Si cela vous arrive – et cela arrivera probablement – rappelez-vous d’être patient. Ne vous rendez pas fou en vérifiant constamment la température interne pour constater qu’elle ne change pas beaucoup. Au lieu de cela, il est temps de, ce que nous aimons appeler, tricher.

Non, ce n’est pas vraiment de la triche. En fait, c’est une méthode éprouvée pour finir votre poitrine à la température à laquelle vous avez travaillé.

Qu’est-ce que c’est ?

Enveloppez votre poitrine dans du papier de boucherie ou du papier d’aluminium si elle n’est pas déjà emballée.

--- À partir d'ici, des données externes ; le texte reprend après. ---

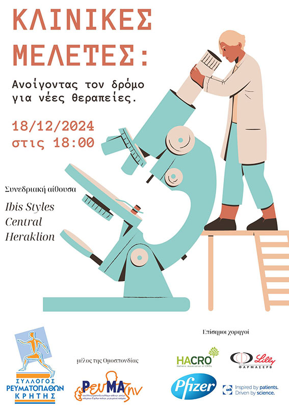 Ο Σύλλογος Ρευματοπαθών Κρήτης, καθώς αυξάνονται οι ανάγκες των ασθενών για καινοτόμες θεραπείες, και με το δεδομένο ότι οι κλινικές μελέτες είναι ο μοναδικός δρόμος που οδηγεί σε αυτό, σε συνεργασία με τη Ρευματολογική, Δερματολογική και Γαστρεντερολογική Κλινική του ΠαΓΝΗ,

Cela permettra de retenir l’humidité que la poitrine transpire. De plus, c’est un excellent moyen d’empêcher la poitrine de devenir trop sèche en raison de la perte de liquide. L’inconvénient, bien sûr, est que l’écorce peut souffrir d’être enveloppée dans un cocon hydraté.

L’autre option est de faire preuve d’une patience extrême et de foncer à travers la stalle, en sachant que, finalement, vous y arriverez. Vous devez cependant éviter de vérifier constamment la température pendant un certain temps.

Et ne succombez pas à la tentation d’augmenter votre chaleur. Si vous avez maintenu une température constante, continuez comme ça. Ce n’est pas le moment de transformer votre fumoir ou votre gril en un véritable brasier.

En résumé

Choisir le meilleur endroit pour sonder votre poitrine de bœuf n’est pas une tâche difficile. En connaissant les deux parties principales d’une poitrine de porc, il sera encore plus facile de la choisir. Gardez la vie simple en vous en tenant à la partie la plus épaisse de la poitrine. Vous serez ainsi sûr d’obtenir une lecture dans le muscle le plus dense, sans interférence des jus et de la graisse.

Ne craignez pas l’étalage. Vous avez deux excellentes options à choisir si cela se produit :

  • Enveloppez votre poitrine
  • Attendez la fin de l’étalage

Évitez de faire monter la température. Si vous maintenez votre température, le décrochage sera surmonté.